Table 5.7. Major Project Reviews for Spacecraft Development

In addition to the major project-level reviews described in Table 5.7, peer reviews of components and subassembly designs are also a key part of the technical review process. In these peer reviews, component test plans are checked to ensure that all requirements are met. At these lower levels of assembly, more of the details of the designs and tests are evaluated.
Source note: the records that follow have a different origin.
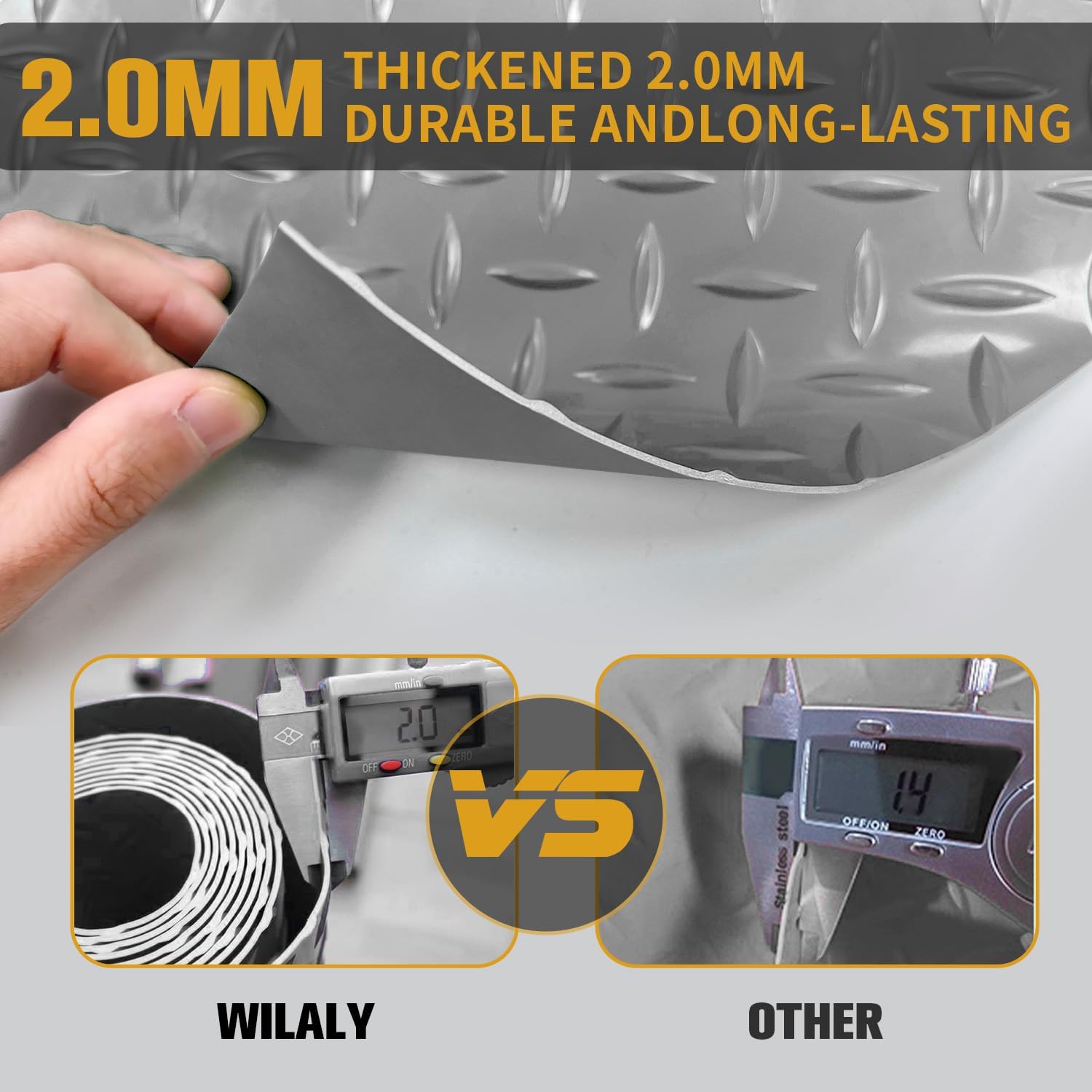 - DURABLE & SLIP-RESISTANT: Upgrade 2.0MM Sturdy Thicker PVC Material. Garage floor mats are with embossed diamond plate patterns which are totally anti-slip for safe in/out, greatly increasing the traction.
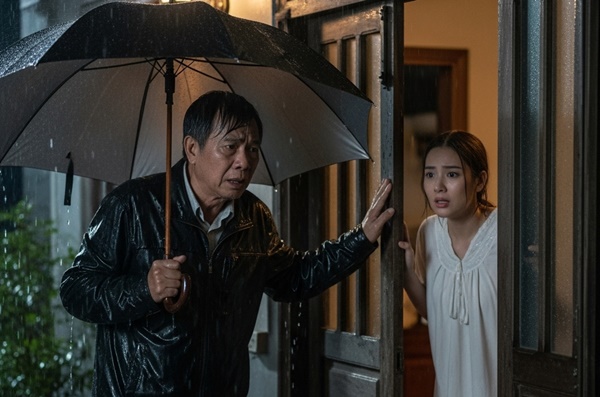 Ông Thành lại trùm áo mưa, lầm lũi bước ra khỏi cửa, biến mất vào màn đêm đen kịt.
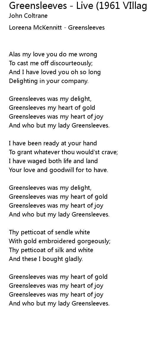 Greensleeves - Live (1961 VIllage Vanguard) Lyrics
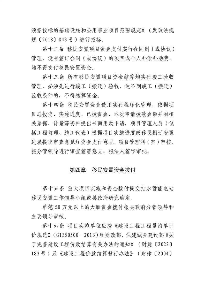 重大项目实施和资金拨付提交抽水蓄能电站移民安置工作领导小组或县政府研究确定。单笔50万元以上的大额资金拨付报县政府分管领导和主要领导审核。项目实施单位应按《建设工程工程量清单计价规范》(G1350500—2013)和财政部、住建城乡建设部《关于完善建设工程价款结算有关办法的通知》(财建〔2022〕183号)及《建设工程价款结算暂行办法》(财建〔2004〕369号)等相关规范做好工程合同价款期中支付、竣工结算支付管理。专项设施项目恢复建设资金按照下达的年度计划,由其行业部门完成,按移民安置规划方案投资与其签订实施合同(或协议)任务拨付,专项设施恢复建设部门应按要求提供项目建设的相关管理资料。永久征占地土地补偿费、安置补助费和集体财产补偿费由县移民办拨付县自然资源局土地储备交易资金专户,由县自然资源局拨付村组集体;临时用地补偿费县移民办直接拨付村组集体账户。搬迁费及移民个人私有财产补偿费直接兑付给移民。
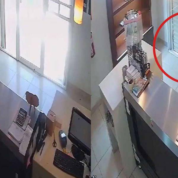 "Dónde, dónde", exige el criminal mientras busca desesperadamente debajo del ordenador, donde en teoría estaría la caja registradora con todas las ganancias. Desde allí, la mujer sale rápidamente por la puerta de vidrio, da un salto y baja la verja de metal en un rápido movimiento, mismo que el hombre no se percató con anterioridad.

Implementing good review practices help make any review more productive. Every review should have a review chair, who is responsible for selecting the review committee and conducting the review. The review chair should be experienced in the subject matter and independent from the members of the team presenting the review. For project-level reviews, the review chair is selected from individuals outside the project and often outside the organization. For some projects, the review chair of project-level review may be a member of the sponsor organization. For subsystem-level peer reviews, the chair may be part of the project, but must be independent from the team implementing the design under review. In general, the objective of the review is to evaluate whether the design meets the requirements. To achieve that objective, the requirements must be documented and the team must have selected a single design. In advance of the meeting, the agenda and presentation material must be supplied to the review committee with sufficient time to prepare for the review. This time may vary depending on the amount of material involved in the review. Typically, a week or more is required for a project-level review. During the review, meeting minutes and action items must be recorded. After the meeting, the minutes should be distributed and the action items tracked to closure.

Closing an action item requires a procedure or process; Fig. 5.7 illustrates one example for closing an action item. An action time may lead to a minor correction or it may force a major design change or it may prove intractable and force a major change in the mission or re-evaluation. A record of all action items and their disposition should be archived in the project depository or database.